Existem diferenças que podem ser observadas, facilitando a detecção e o cuidado. Veja o que diferencia as espécies:
- Aedes aegypti: é menor que o pernilongo e pode ser reconhecido pelos riscos no tórax que formam um desenho parecido com listras brancas – as linhas são encontradas na cabeça e nas pernas. Com asas transparentes, o inseto produz um ruído quase inaudível. Pernas e mãos são os locais com o maior número de picadas do Aedes. O início da manhã e o fim da tarde são horários em que ele está na ativa.
- Mosquito: sabe aquele barulho que incomoda e que quase sempre surge na hora em que vamos dormir? Essa é uma característica do pernilongo, que chama a atenção pelo som audível. Com coloração marrom e circulação ativa na madrugada, costuma se alimentar de néctar e seiva de vegetais.
As fêmeas precisam se alimentar do sangue para desenvolver e maturar os ovos, fator que explica aquela picada dolorosa e irritante.
A dengue mata pode ser letal em muitos casos, dependendo do estado de saúde e tipo de contaminação – Foto: iStock/divulgação/NDSe a dengue mata, como prevenir?
Por mais que a circulação do vírus seja maior no verão, as chuvas constantes e a falta de cuidado com a água parada estão facilitando a proliferação, trazendo à tona a discussão de como a dengue mata.
Capaz de produzir de 600 a 1500 ovos, o inseto é resistente. “A fêmea contaminada pode transmitir o vírus para os ovos, que resistem até 450 dias em ambientes sem contato com água. O Aedes aegypti vive 45 dias e neste período ele pode infectar 300 pessoas”, explica a bióloga, especialista em epidemiologia e professora de ciências naturais Carla Keite Machado.
Nos dias mais frios, após o contato com a água, são necessários 20 dias para nascer um novo mosquito.
No verão o processo é mais rápido e pode ser finalizado em, no máximo, oito dias – a temperatura é um fator primordial para o desenvolvimento das larvas.
Limpar o quintal, eliminar a água parada em plantas, recipientes, piscinas, calhas e ralos, vedar os ralos, saídas de emergência da caixa d’água e limpar os bueiros são algumas das medidas que fazem a diferença, afastando de vez aquele medo de que a dengue mata.
Além de cuidar do seu espaço, incentive os colegas e familiares a fazerem o mesmo!
Existe vacina!
Engana-se quem pensa que não existe um imunizante para a dengue. A vacina Dengxavia, a primeira criada e registrada para conter o Aedes aegypti, está disponível no país e pode ser acessada na rede privada de saúde. O uso é recomendado para quem já foi infectado e tem entre nove e 45 anos.

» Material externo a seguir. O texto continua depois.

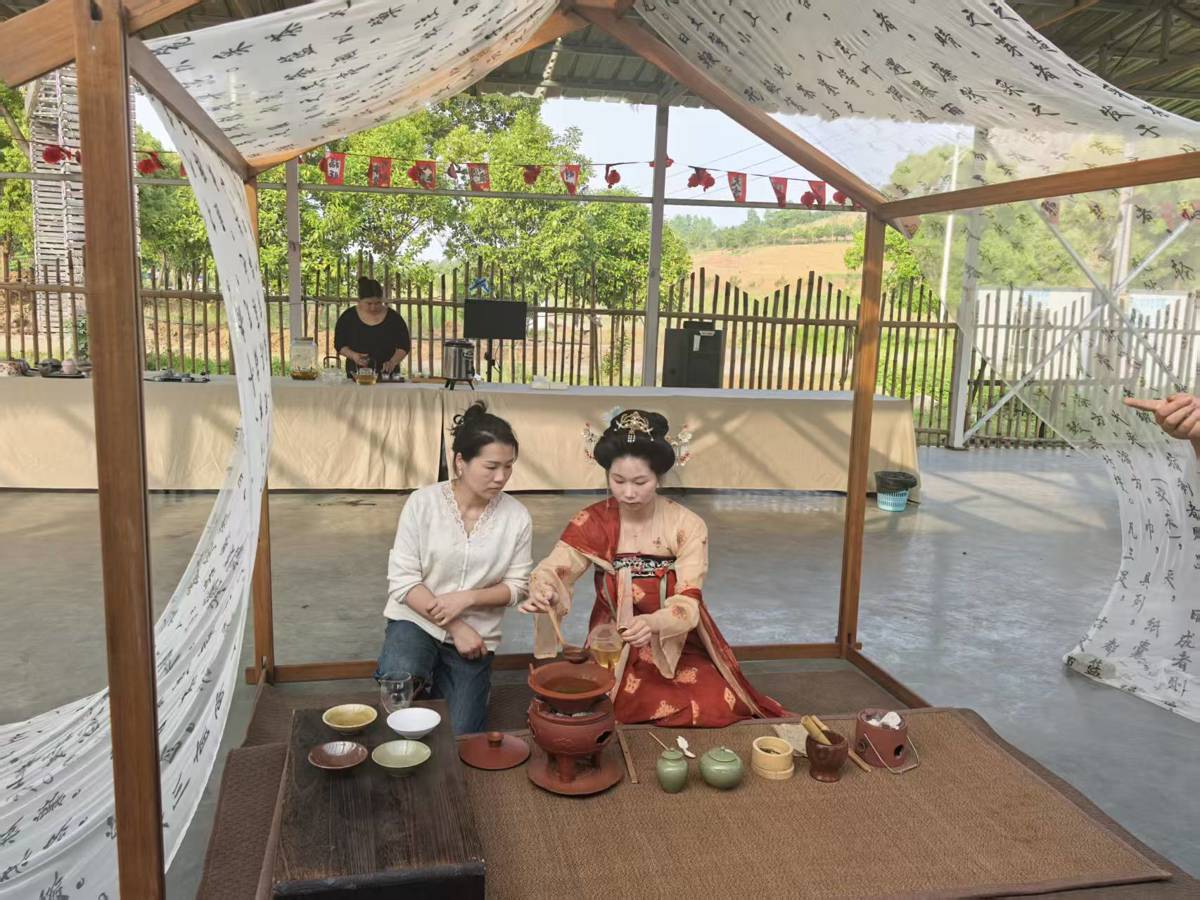 车子刚开进陆子生态茶园,漫山绿意扑面而来。更吸引人的,是一场唐代煎茶表演——茶艺师身着古装,碾茶、煮水、分汤,一招一式,古韵悠长。

A alternativa não é indicado para aqueles que ainda não tiveram contato com o vírus, já que a Agência Nacional de Vigilância Sanitária (Anvisa) e a Organização Mundial da Saúde (OMS) destacam que as reações causadas pelo medicamento podem ser fortes.
A previsão para o futuro é promissora e o Sistema Único de Saúde (SUS) pode passar a oferecer a própria vacina nos próximos anos.
O imunizante está sendo desenvolvido pelo Instituto Butantã em parceria com Instituto Nacional de Alergia e Doenças Infecciosas dos Estados Unidos (NIADI). O estudo está na fase final, com aplicação em mais de 16 mil pessoas na terceira fase dos testes.
Agora que você já sabe que a dengue mata, o próximo passo é evitar a proliferação e o contágio!